Saturday, October 16, 2010

The Scent of a Man

I thought about my grandpa today.

I had no good reason to think about him. He has, after all, been dead for almost 25 years. But I thought about him just the same.

This past week has been difficult--my emotions are all over the place--and at times like these, for whatever reason, I think about him.

I don't think about his last years, when cancer ravaged his body. I barely remember how he looked at the end. "Sickly" comes to mind when I think about his final days, but those aren't the days I remember.

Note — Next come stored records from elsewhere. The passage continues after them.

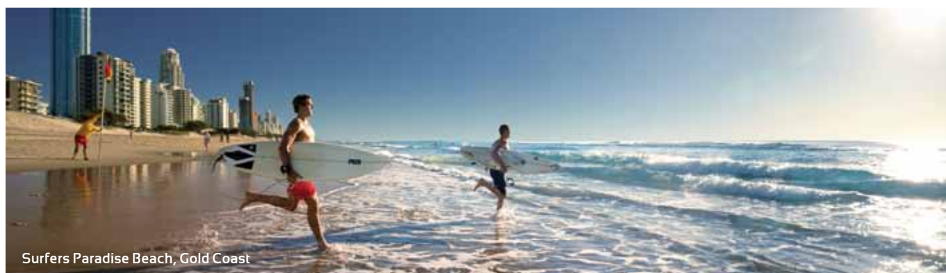
Surfers Paradise Beach, Gold Coast

These projections will be reviewed on a regular basis to ensure changes to frequency and capacity over time and the addition of new routes are accounted for.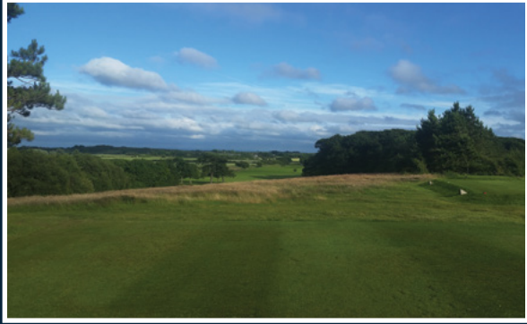
Tenth hole. Danger to the left and right. Drive straight down the middle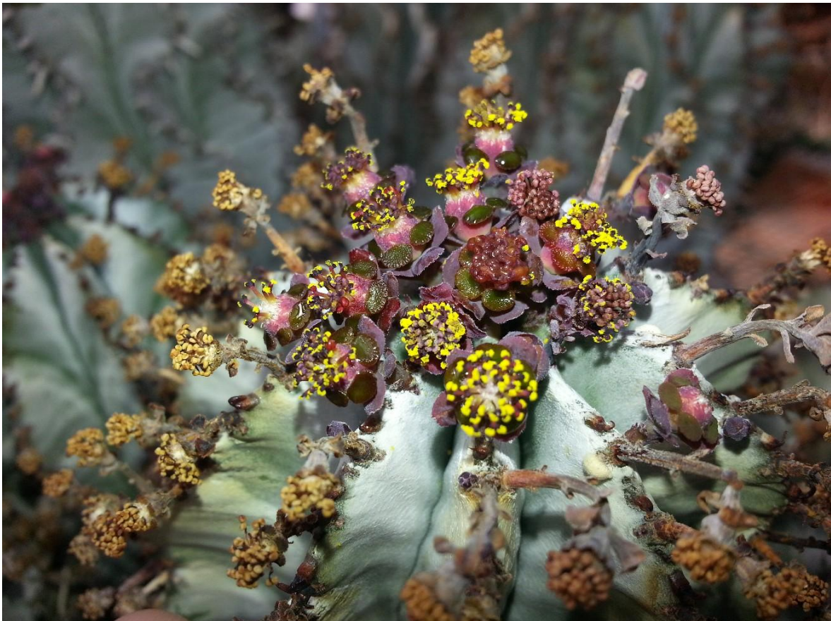
Euphorbia polygona cv 'Snowflake'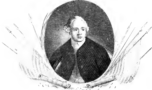
MAJ GEN JOSEPH WARREN Who was slain in the battle on Bunker Hill.

COMMEMORATIVE OF JUNE 17, 1775. CONSECRATED, JUNE 17, 1843.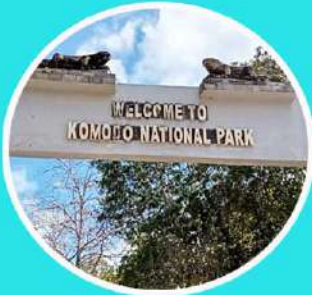
Komodo National Park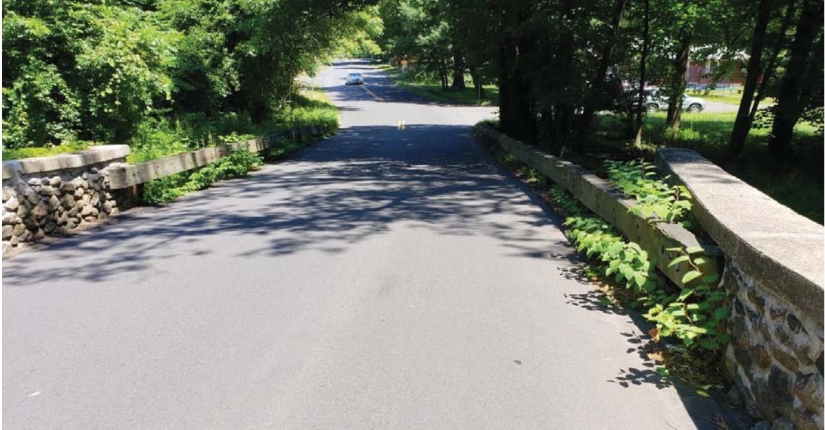
1. East approach from the bridge.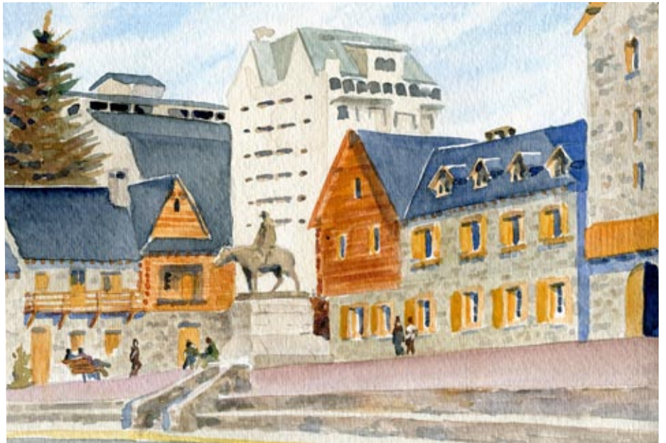
In Puerto Monte, Chile (below) a former farm has become a German Museum noting the tidy influence of immigrants from that country.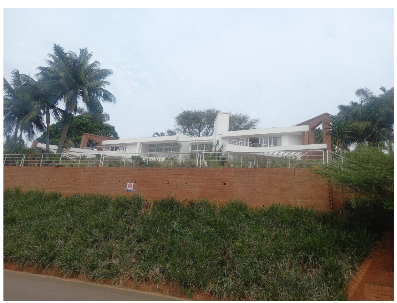
FIG. 16. Neighbour (Hollander Crescent)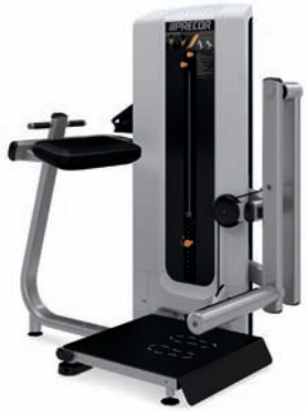
C618EC Glute Extension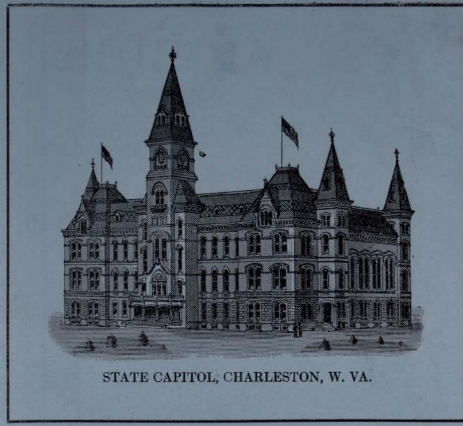
STATE CAPITOL, CHARLESTON, W. VA.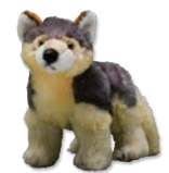
Mexican Gray Wolf 12"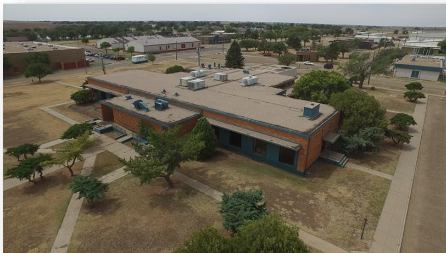
BUILDING #430 APPROXIMATELY 14,555 SF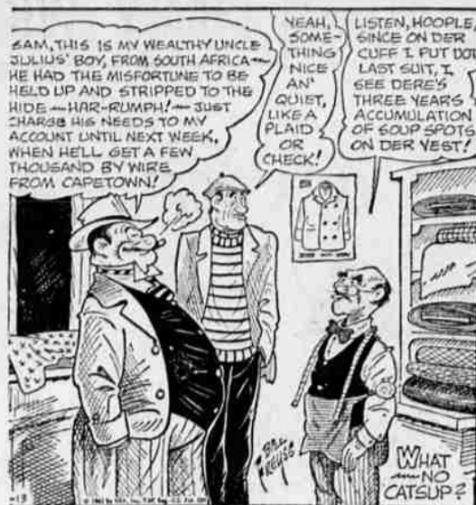
WHAT NO CATSUP?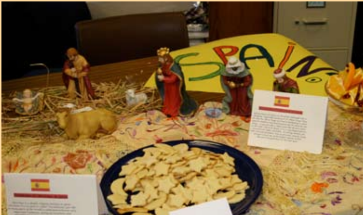
Christmas in Spain

Today, and like other days when I think about him, I remember him as a giant of sorts, vibrant, healthy, with a robust and contagious laugh. I remember his hands, holding me tight and swinging me toward the sky, flinging me in the air...flying toward space, then hurtling toward the ground, and a moment before hitting, those same hands scooping me up, bringing me in and crushing me to his chest for a bear hug.

I remember him telling me I was pretty.

He was the first person to put me in touch with my imagination--we used to build towers and castles out of beer cans. He was also the first person to ever tell me that I was so full of shit that my eyes were brown!

I remember sitting on his lap, feeling safe. Never before and not since have I ever felt that secure in a man's arms.

I remember feeling like a co-conspirator when he would do something silly...like the time he was grilling chicken in the backyard and dropped a chicken leg into a pile of dirt. He looked around, bent down and picked it up, then motioned for me to follow him. He swept me into the kitchen laughing and said, "Watch this!" He rinsed the chicken leg under cold running water, then shook it off and put it on a plate. He winked at me, picked me up, and said, "Don't tell your grandma. She doesn't need to know." Then he proceeded to walk back into the yard and hand the plate to my grandma. She ate the chicken.

I thought about all of this today in the early morning quiet while I pushed my cart through the grocery store. I had a small smile on my face, reminiscing, when it hit me. It was like I had run full-force into a concrete wall.

I smelled him.

I don't remember my grandpa wearing cologne, but I remember what he smelled like. And that scent, the first scent I associated with a strong man, hit me from all sides. I wanted to look around, but forced myself not to, knowing full well that grandpa wasn't there. I don't know who or what it was, but his scent was there.

I yanked my cart and hurried away, tears welling in my eyes. I kept my head down, knowing if I looked up, the tears threatening to spill over would start flowing. I paid for my groceries and made my way across the parking lot, the sun bouncing off my tears, making me see strange, diamond-like prisms.

When I finally pulled myself together, I got myself home, put away the groceries and then sat down to write this and it occurred to me that while he taught me much about great love...he later taught me much more about great loss.

I miss him.

1 comment:

Cheryl said...

I just caught up on a bunch of your posts. You're a wonderful writer. You're way too busy. I can't wait for your husband to get a job. You need some time for YOU!